▶ _Information provided_
# # # # # # #

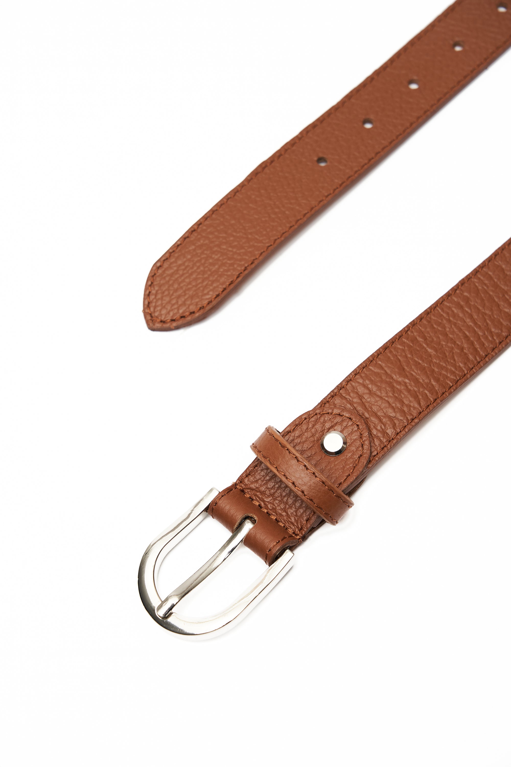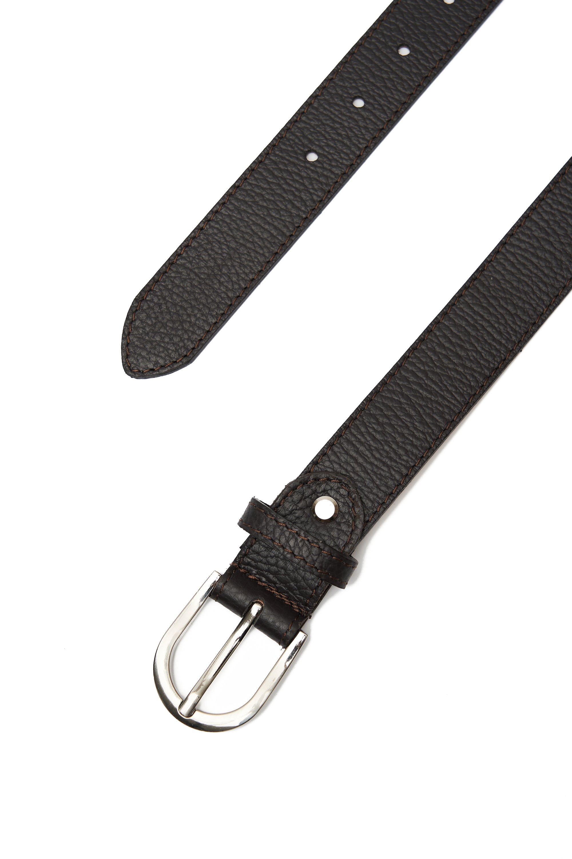 LEATHER BROWN BELT WITH SILVER DETAILS
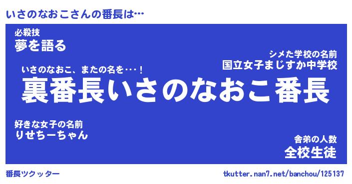 | ポケモン風あだ名 | 『イサチュウ』『イサノダネ』 |
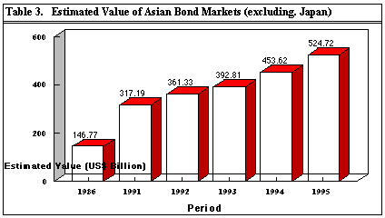 Table 3 shows the growing Asian bond markets (source: HSBC Capital Markets).

# # # # # # #

▶ _Brief_
Without the pictures, write out the listing exactly as it appears above.

▶ _Written solution_
 LEATHER BROWN BELT WITH SILVER DETAILS
 | ポケモン風あだ名 | 『イサチュウ』『イサノダネ』 |
 Table 3 shows the growing Asian bond markets (source: HSBC Capital Markets).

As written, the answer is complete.